One of my assignments this week is to “describe my growth up to this point in terms of” 8 different areas of life. As I look at these topics, I’m looking forward to what I get to write down. I have not gotten to where I want to be in all (any?) of these categories, but I can actually say I’m able to stand up, look around, and give myself an honest look, finding both places I’ve grown and places I’ve still got room to grow.
So here we goooooo……
My growth up to this point in terms of SELF IMAGE
I see so much that has changed, and so much that is still the same, when I look at my image of myself. On one side, I’ve finally began to enact the believe that “I have worth.” For the last several years, even before my coaching experience, I have begun to better understand the reality that I am a child of the King, a full fledged, adopted son to the Creator of heaven and earth. But during the past several months, it’s like I’ve heard God telling me, “Then Act Like It. Act like you are who I tell you you are.” What’s that look like? What’s changed? Where have I grown?

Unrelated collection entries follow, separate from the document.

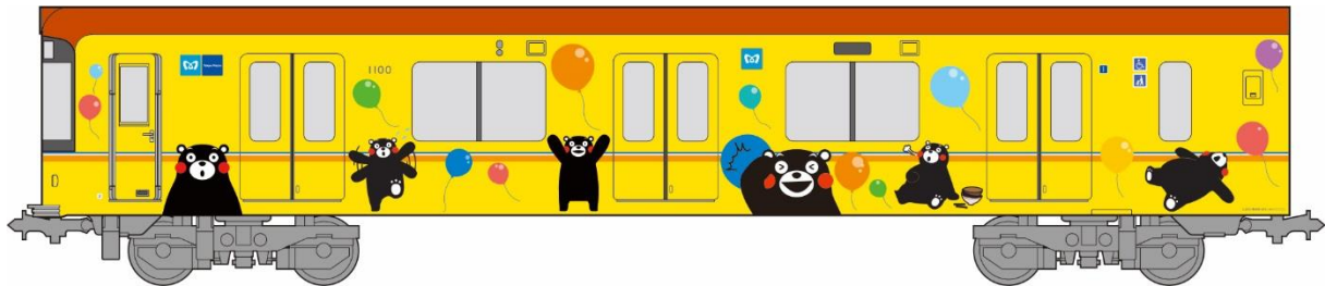
銀座線くまモンラッピング電車イメージ
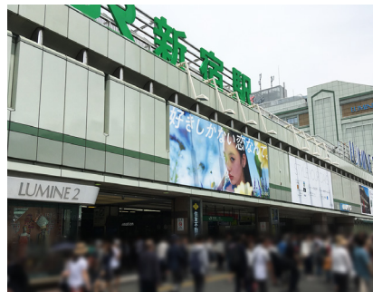
Shinjuku station South Entrance (Exit)
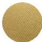
Tipo de tela: Algodón efecto deslave
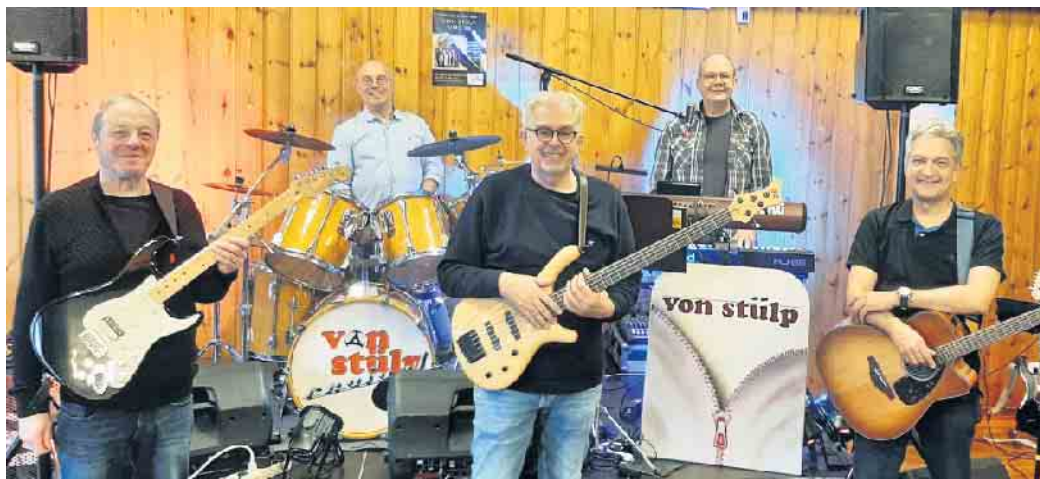
Spieren am Freitag, 23. August, im Saal Gier zum Warm-up der Kaller Kirmes auf. Die Band „Von Stülp“ hat in der Eifel eine große Fangemeinde.

I’m not a disappointment. In fact, I’m a success! In my family, my church, my business, and many other areas of my life, I provide something of worth. I add value to other people’s (and even organization’s) lives. The things I do are worth their investment – time, money, commitment. I don’t need to feel that I must only charge enough to provide a decent living. I can even see myself growing my business instead of just surviving this massive changes I’m going through right now.
I am beginning to truly enjoy the “running the business” side of running my business. In the past, I don’t know if I didn’t feel that I had what it takes or if I just didn’t really feel it was right for me to build a growing and decently profitable business. I think perhaps I was raised to believe, and then in turn believed myself, that every dollar I earn must be hard-earned. Must be fought for. Like I had to “prove” my value by the manual effort I put into something, instead of the results or value it produced. I would have seen myself as that guy who could charge $1,000 for pushing a button because he’s the only guy who know what button to push. But I’m finding now, that I do have that kind of value. Maybe not just for button pushing, but for things I am uniquely created for and gifted in… I have value. And I believe it. And as I look into these other growth things I think that will come through to me even more.
I still struggle here. I still have a huge weak spot for feeling like I’m a disappointment. I still read into people’s words (especially non-verbal) and actions. I told a friend of mine earlier this week that I was going to stop analyzing everything they said and just believe them. I need to do that. I don’t need to lower my image of myself just because something rubs me wrong. If it’s an insult against me, fine, I can either retaliate, ignore it, or take it in stride and move on. It doesn’t have to ruin my day or cause me to fire back my own words or thoughts defending myself or fighting back.
That is where I’ve grown the most in this idea of self image. I AM something valuable, I HAVE something valuable to offer, and whether or not people can see that in me, doesn’t change it.
This is affecting several areas of my life, including the way I talk, the way I seek out in-person meetings instead of hiding behind emails, the way I want to improve my health and body composition whilst at the same time being content with my own skin, and even the ability to just let some things go. It is so freeing.